In its Amended Complaint, Airbus alleges a single cause of action against the Defendants seeking Indemnification for Metron’s alleged breaches of contract related to Airbus’s acquisition of Metron Holdings in 2011.

Airbus is a Delaware corporation with its principal place of business in Herndon, Virginia. (Airbus’s parent, Airbus S.A.S., is based in France.) Airbus is engaged in the business of manufacturing aircraft. Defendant SRS is a Colorado limited liability company with its principal place of business in Denver, Colorado. SRS acted as an agent and attorney-in-fact for the shareholders of Metron Holdings in connection with the merger that is the subject of this lawsuit. Metron Holdings is a Delaware corporation, with its principal place of business in Dulles, Virginia. Metron Holdings is engaged in the business of developing software. Metron Holdings’ subsidiary, Metron Aviation, Inc. (“Metron Aviation”) specializes in developing and marketing software for use in managing air traffic flow in and out of major airports. (Metron Holdings and Metron Aviation shall be collectively referred to as “Metron.”) Metron’s customers are typically Air Navigation Service Providers (“ANSPs”) or airlines. ANSPs are generally government agencies or government-owned companies, such as the Federal Aviation Administration in the United States.

On October 18, 2011, Airbus acquired Metron for $75 million, subject to some post-closing adjustments. The acquisition was structured as a merger, pursuant to an “Agreement and Plan of Merger” dated July 25, 2011, between Airbus, Yucatan Acquisition Corporation (a subsidiary of Airbus), Metron, and SRS (the “Merger Agreement”).

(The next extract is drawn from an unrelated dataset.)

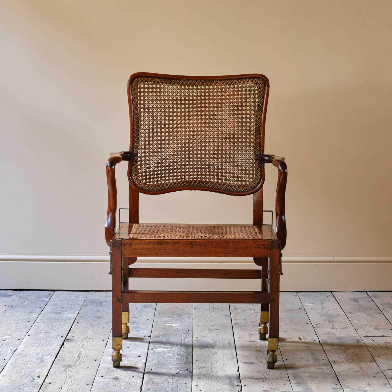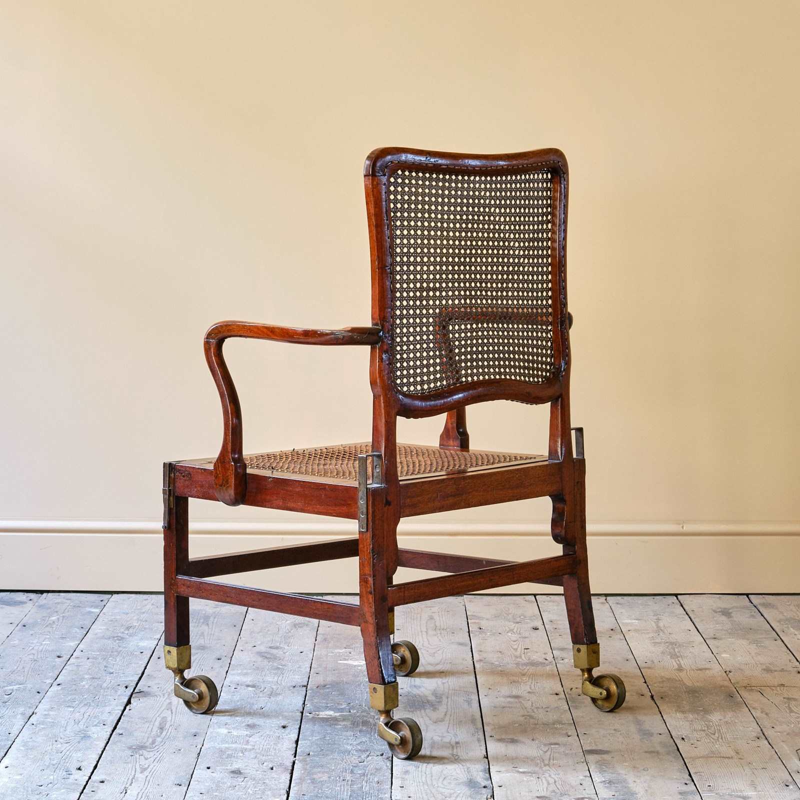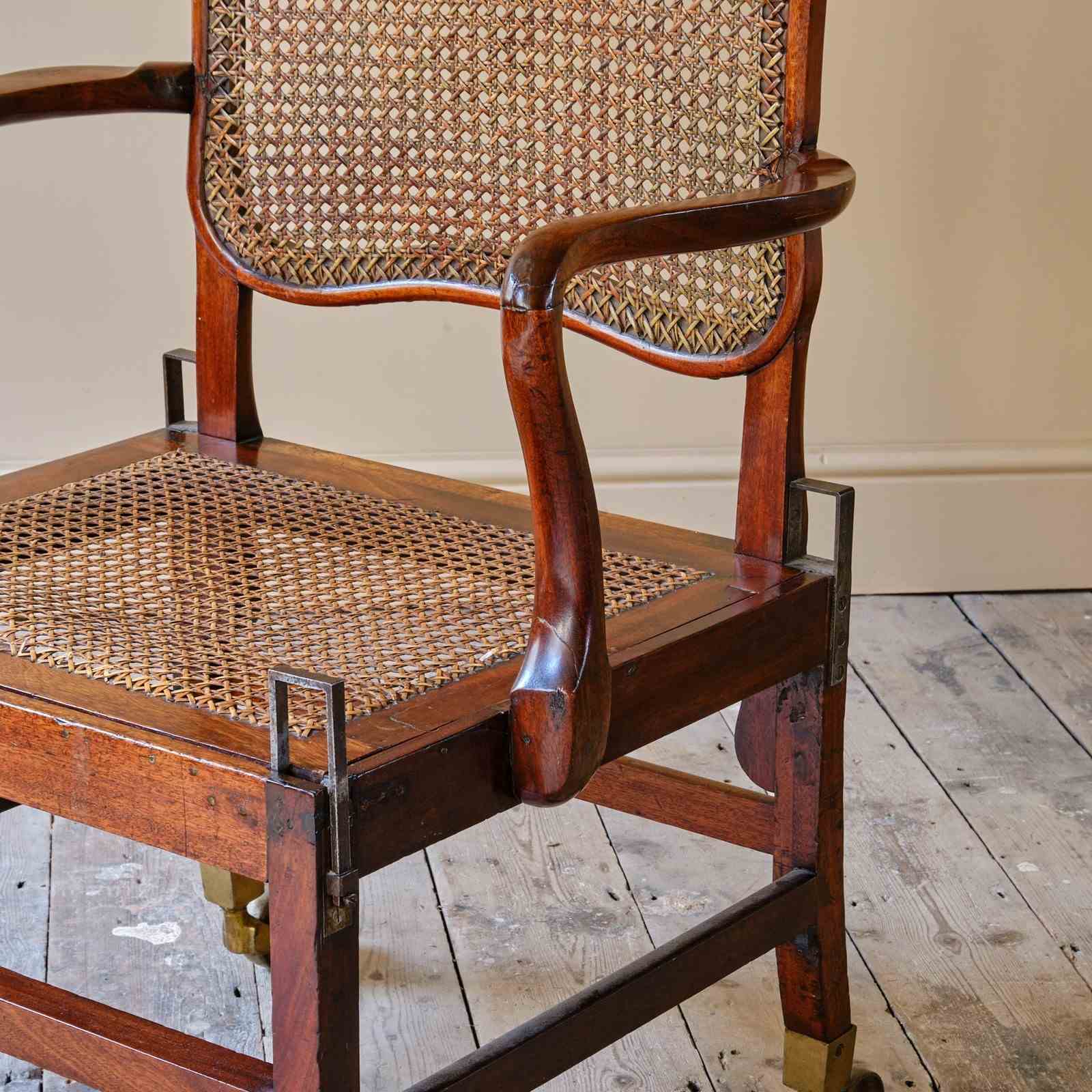 A late 18th century Mahogany Sedan armchair. Of wonderful form and good scale. The drop in seat and shaped back rest with rattan. With adjustable metal inserts for the carrying handles. Raised on square legs joined by stretchers and with the original oversized brass casters. c1780

In the Merger Agreement, Metron made representations and warranties to Airbus about Metron’s financial condition. The shareholders agreed to indemnify Airbus for any breaches of those representations and warranties. A $5.8 million escrow (the “Escrow”) was established at closing to fund any liability for a breach of a representation or warranty.

Airbus alleges that Metron breached several of its representations and warranties in the Merger Agreement. Specifically, Airbus claims that Metron breached the representations and warranties that its financial statements were kept in accordance with “Generally Accepted Accounting Principles” (“GAAP”), that Metron was not a party to any government contract that was reasonably expected to result in a loss, and that Metron had no liabilities that were not disclosed on its financial statements prepared in accordance [286]*286with GAAP. In addition, Metron’s shareholders agreed to indemnify Airbus for any inaccuracies in the closing statement, known as the “Consideration Spreadsheet.”

Airbus seeks $17 million in damages for Metron’s alleged breaches of contract. Airbus requests an order declaring that Airbus is entitled to the entire Escrow, plus a money judgment against Metron’s former shareholders for Airbus’s losses in excess of the Escrow. The Merger Agreement provides that the shareholders are severally, but not jointly, liable for any damages in excess of the Escrow in accordance with the shareholder’s pre-merger interest in Metron.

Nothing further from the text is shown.